◆ PROVIDED DATA ◆
►
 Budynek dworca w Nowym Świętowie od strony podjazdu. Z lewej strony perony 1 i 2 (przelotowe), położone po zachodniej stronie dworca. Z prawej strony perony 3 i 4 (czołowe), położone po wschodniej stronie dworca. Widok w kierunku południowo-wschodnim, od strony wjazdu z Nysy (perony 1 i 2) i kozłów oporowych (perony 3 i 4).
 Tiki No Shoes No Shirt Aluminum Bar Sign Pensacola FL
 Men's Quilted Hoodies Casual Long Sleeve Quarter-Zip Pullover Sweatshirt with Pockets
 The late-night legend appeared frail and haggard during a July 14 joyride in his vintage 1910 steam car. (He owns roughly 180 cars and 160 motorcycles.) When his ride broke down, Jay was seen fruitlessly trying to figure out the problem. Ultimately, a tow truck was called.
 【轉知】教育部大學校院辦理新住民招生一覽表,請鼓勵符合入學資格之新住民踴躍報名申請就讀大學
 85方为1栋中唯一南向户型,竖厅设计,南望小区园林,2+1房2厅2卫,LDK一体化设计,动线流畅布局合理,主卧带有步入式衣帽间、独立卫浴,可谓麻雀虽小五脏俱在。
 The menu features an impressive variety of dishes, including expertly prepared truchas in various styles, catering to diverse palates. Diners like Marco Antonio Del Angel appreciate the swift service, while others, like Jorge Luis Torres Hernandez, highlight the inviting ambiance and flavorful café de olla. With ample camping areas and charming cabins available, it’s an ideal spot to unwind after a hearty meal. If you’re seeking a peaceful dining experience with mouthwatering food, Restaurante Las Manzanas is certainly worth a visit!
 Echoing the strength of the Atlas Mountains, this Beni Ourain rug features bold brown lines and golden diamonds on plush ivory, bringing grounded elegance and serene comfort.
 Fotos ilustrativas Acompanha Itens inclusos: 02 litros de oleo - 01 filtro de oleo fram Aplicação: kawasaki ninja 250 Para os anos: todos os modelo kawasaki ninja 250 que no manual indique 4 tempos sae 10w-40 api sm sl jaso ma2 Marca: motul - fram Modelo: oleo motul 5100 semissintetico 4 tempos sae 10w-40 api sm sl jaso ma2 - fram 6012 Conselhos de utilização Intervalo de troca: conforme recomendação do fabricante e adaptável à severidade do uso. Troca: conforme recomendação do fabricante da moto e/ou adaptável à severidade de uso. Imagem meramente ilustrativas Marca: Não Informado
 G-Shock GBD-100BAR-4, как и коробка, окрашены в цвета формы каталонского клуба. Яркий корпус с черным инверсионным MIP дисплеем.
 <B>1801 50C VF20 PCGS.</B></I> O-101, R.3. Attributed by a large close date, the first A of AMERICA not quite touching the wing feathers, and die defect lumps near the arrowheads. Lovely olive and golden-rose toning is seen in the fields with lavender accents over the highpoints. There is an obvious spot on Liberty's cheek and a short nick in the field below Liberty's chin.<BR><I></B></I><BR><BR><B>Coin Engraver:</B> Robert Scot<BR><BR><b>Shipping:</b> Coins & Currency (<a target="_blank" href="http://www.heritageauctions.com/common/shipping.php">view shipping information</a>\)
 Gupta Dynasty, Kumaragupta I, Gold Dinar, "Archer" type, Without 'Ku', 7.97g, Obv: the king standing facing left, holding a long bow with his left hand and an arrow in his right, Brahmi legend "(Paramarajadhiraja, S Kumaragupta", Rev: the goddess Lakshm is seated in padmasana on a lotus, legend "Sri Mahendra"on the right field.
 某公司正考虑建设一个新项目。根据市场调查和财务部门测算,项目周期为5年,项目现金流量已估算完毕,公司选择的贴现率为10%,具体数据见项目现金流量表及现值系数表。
◄
◆ TASK DIRECTIONS ◆
Filter the records above down to the lines that hold the string "features".

◆ RESULT OF THE EXERCISE ◆
 The menu features an impressive variety of dishes, including expertly prepared truchas in various styles, catering to diverse palates. Diners like Marco Antonio Del Angel appreciate the swift service, while others, like Jorge Luis Torres Hernandez, highlight the inviting ambiance and flavorful café de olla. With ample camping areas and charming cabins available, it’s an ideal spot to unwind after a hearty meal. If you’re seeking a peaceful dining experience with mouthwatering food, Restaurante Las Manzanas is certainly worth a visit!
 Echoing the strength of the Atlas Mountains, this Beni Ourain rug features bold brown lines and golden diamonds on plush ivory, bringing grounded elegance and serene comfort.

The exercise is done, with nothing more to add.